YOUR TASK: The copy you return should hold only the lines from the top of the data below through the line with "Profiles of (a)", each duplicated exactly and with no pictures.

MATERIAL FOR THE TASK:
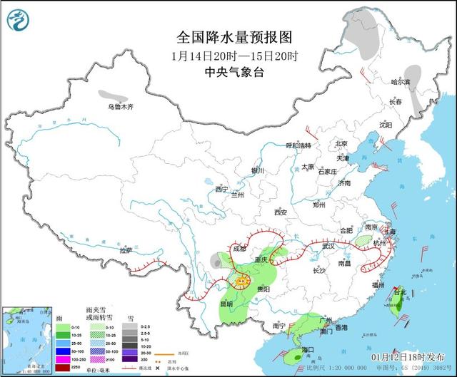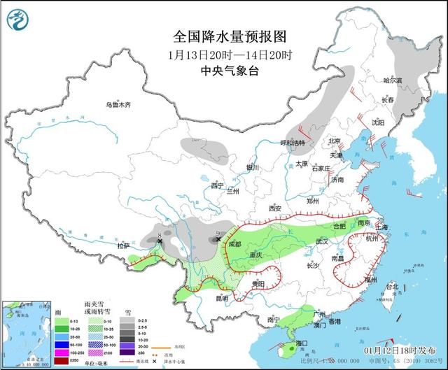 图1 全国降水量预报图(1月12日20时-13日20时)
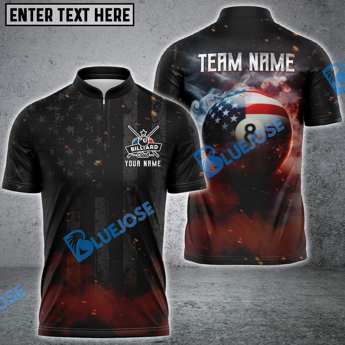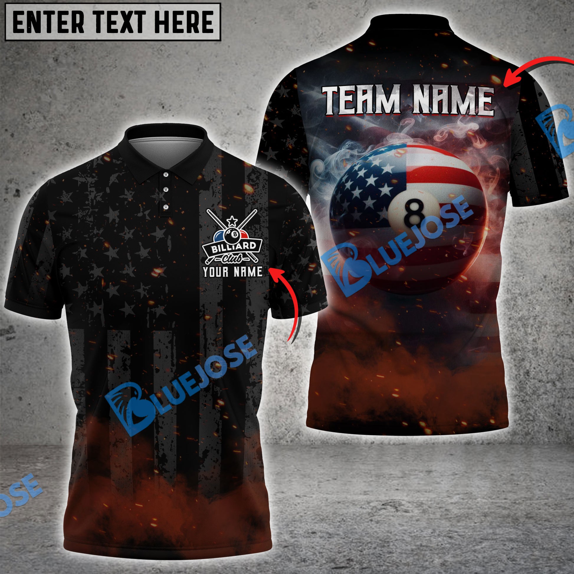 BlueJose Billiards 8 Ball Smoke American Flag Personalized Name, Team Name Shirt
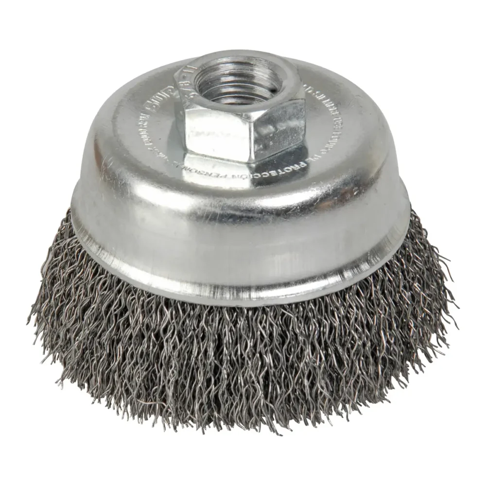 Carda copa ondulada alambre delgado 5″ x 0.35 mm con rosca 5/8″
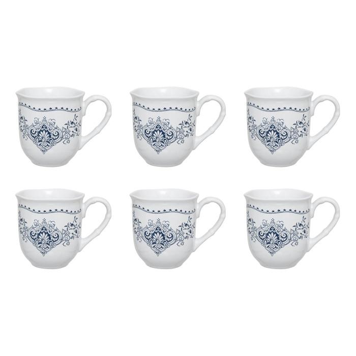 Informations Techniques : Dimensions : L. 10,6 x l. 8,6 x H. 9,1 cm Matière : Grès Spécificités : Pratique & Utile Lot de 6 mugs Motif imprimé Capacité : 32 cl Poids : 0,21 kg (à l'unité) Couleur : Blanc
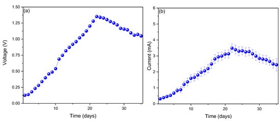 Profiles of (a) voltage (V) and (b) current (mA) as a function of time for single-chamber MFCs with carom residues.
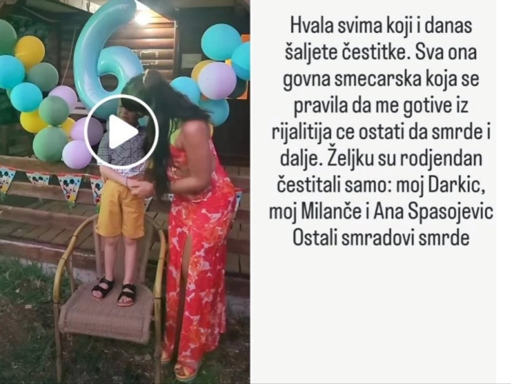 Njena objava iz dvorišta porodične kuće je bila puna emocija, a Miksi je pokazala svojoim pratiocima najdirljivije trenutke sreće sa porodicom i prijateljima. Miljana je sve to upotpunila snimcima koji prikazuju smeh, igru i zajedničke trenutke sa Željkom.
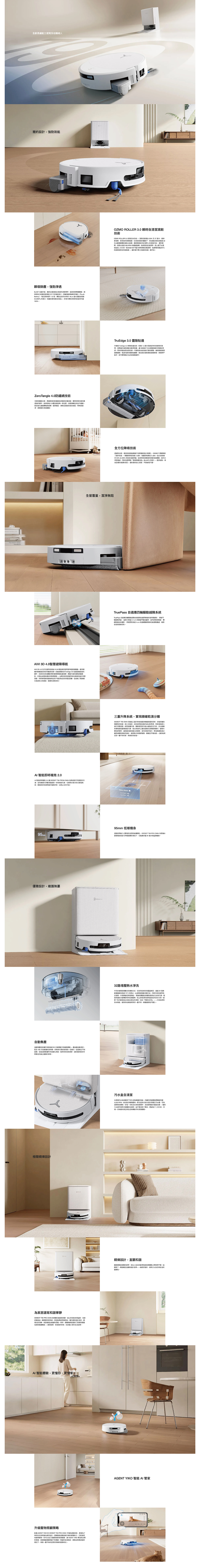 全新長續航力滾筒洗地機械人 / 32路滾筒增壓活水洗地 / 30,000Pa 吸力+16L/S 風量 / TruePass 靈越四驅越障 / 無限續航PowerBoost 瞬時超充技術

REPLY:
 图1 全国降水量预报图(1月12日20时-13日20时)
 BlueJose Billiards 8 Ball Smoke American Flag Personalized Name, Team Name Shirt
 Carda copa ondulada alambre delgado 5″ x 0.35 mm con rosca 5/8″
 Informations Techniques : Dimensions : L. 10,6 x l. 8,6 x H. 9,1 cm Matière : Grès Spécificités : Pratique & Utile Lot de 6 mugs Motif imprimé Capacité : 32 cl Poids : 0,21 kg (à l'unité) Couleur : Blanc
 Profiles of (a) voltage (V) and (b) current (mA) as a function of time for single-chamber MFCs with carom residues.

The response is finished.